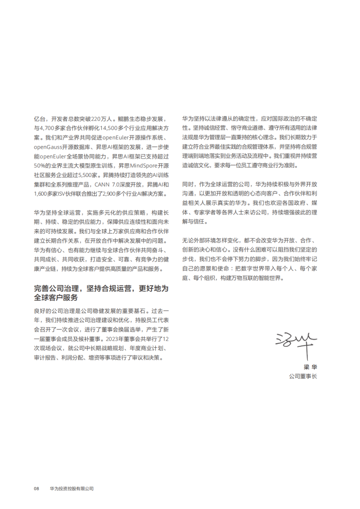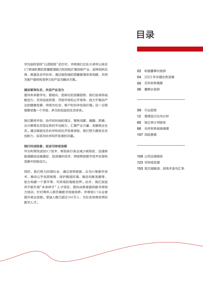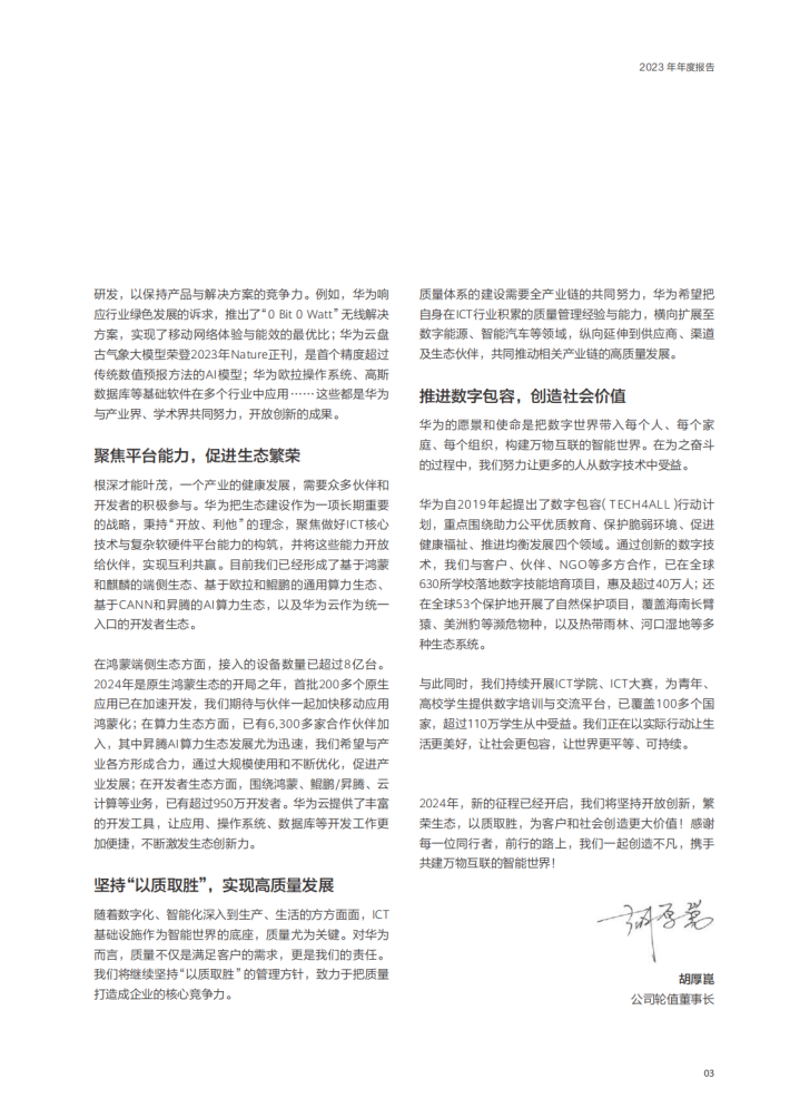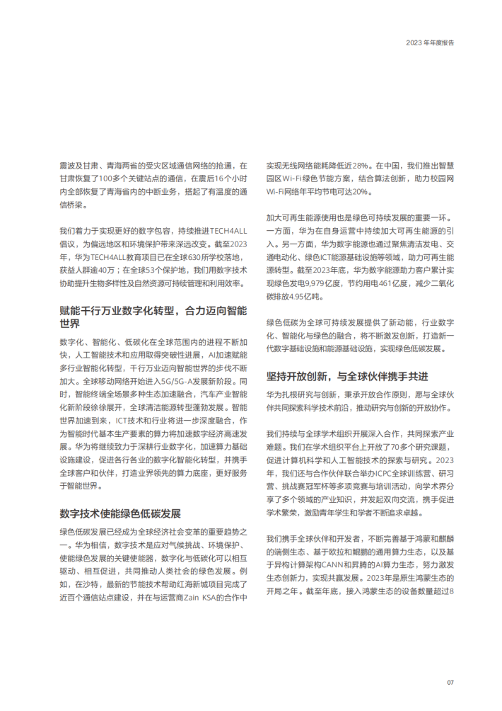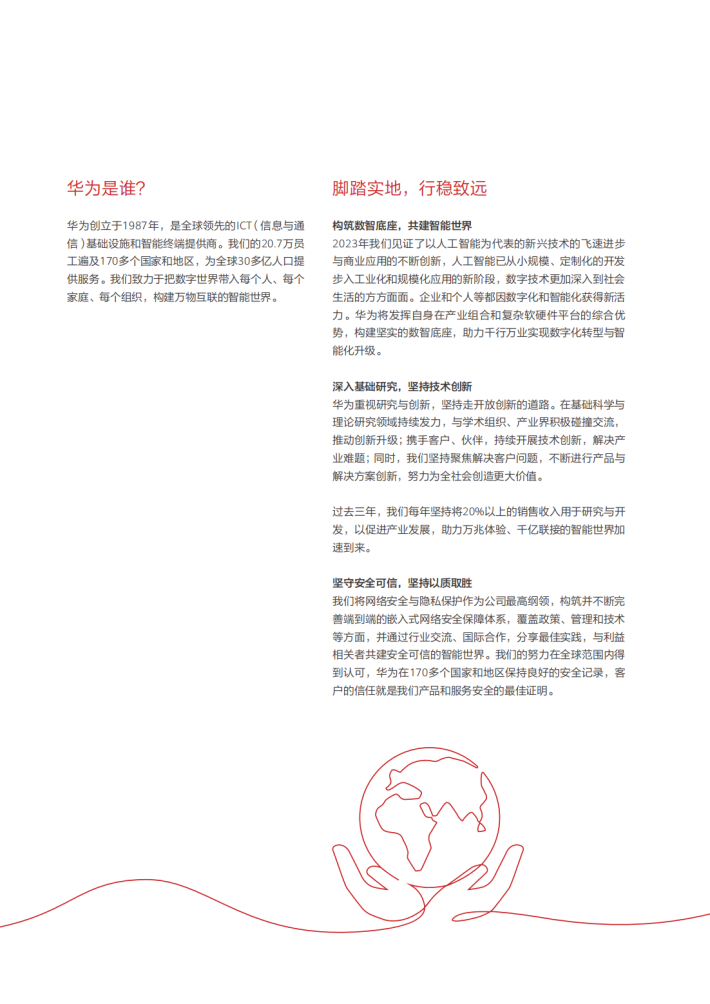 面向数字化、智能化、低碳化趋势,2023年,华为提出全面智能化(All Intelligence)战略,使能百模千态,赋能千行万业,加速行业智能化转型。鲲鹏、异腾生态稳步发展,已有超过570万开发者、超过6,300家合作伙伴,完成超过17,400个解决方案认证。同时,华为发布了行业智能化参考架构、系列行业智能化解决方案和《加速行业智能化》白皮书等,希望为千行万业数智化转型的实施和落地提供具体的帮助和参考。
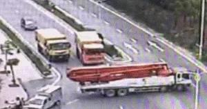 今年4月10日中午12点53分,珠海一司机在南屏南琴路掉头,被两巨无霸猛撞。
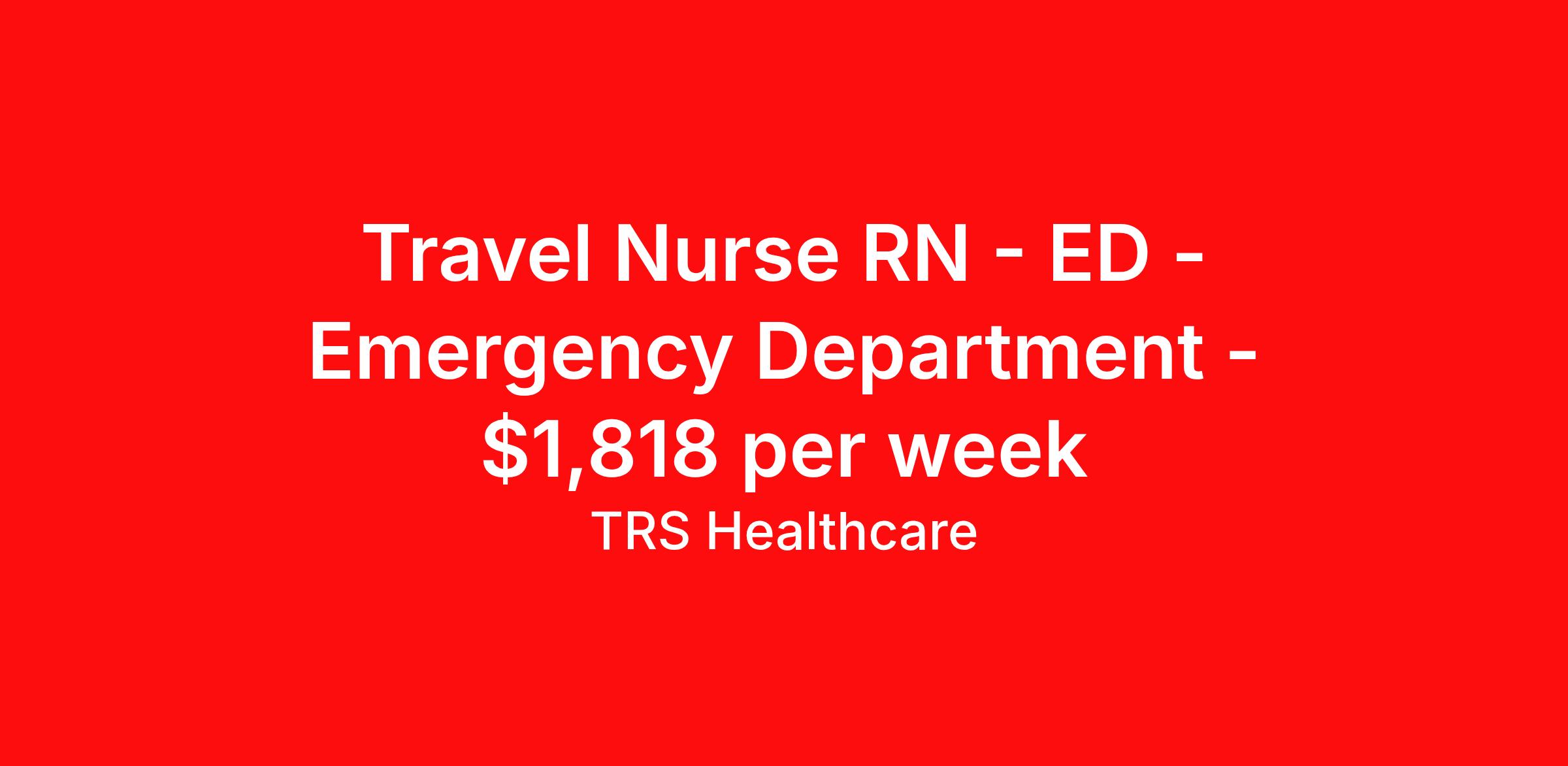 Travel Nurse RN - ED - Emergency Department - $1,818 per week

━━━━━━━━

• [Assigned task] Without altering anything, output all the lines above but none of the images.

• [Expected answer]
 面向数字化、智能化、低碳化趋势,2023年,华为提出全面智能化(All Intelligence)战略,使能百模千态,赋能千行万业,加速行业智能化转型。鲲鹏、异腾生态稳步发展,已有超过570万开发者、超过6,300家合作伙伴,完成超过17,400个解决方案认证。同时,华为发布了行业智能化参考架构、系列行业智能化解决方案和《加速行业智能化》白皮书等,希望为千行万业数智化转型的实施和落地提供具体的帮助和参考。
 今年4月10日中午12点53分,珠海一司机在南屏南琴路掉头,被两巨无霸猛撞。
 Travel Nurse RN - ED - Emergency Department - $1,818 per week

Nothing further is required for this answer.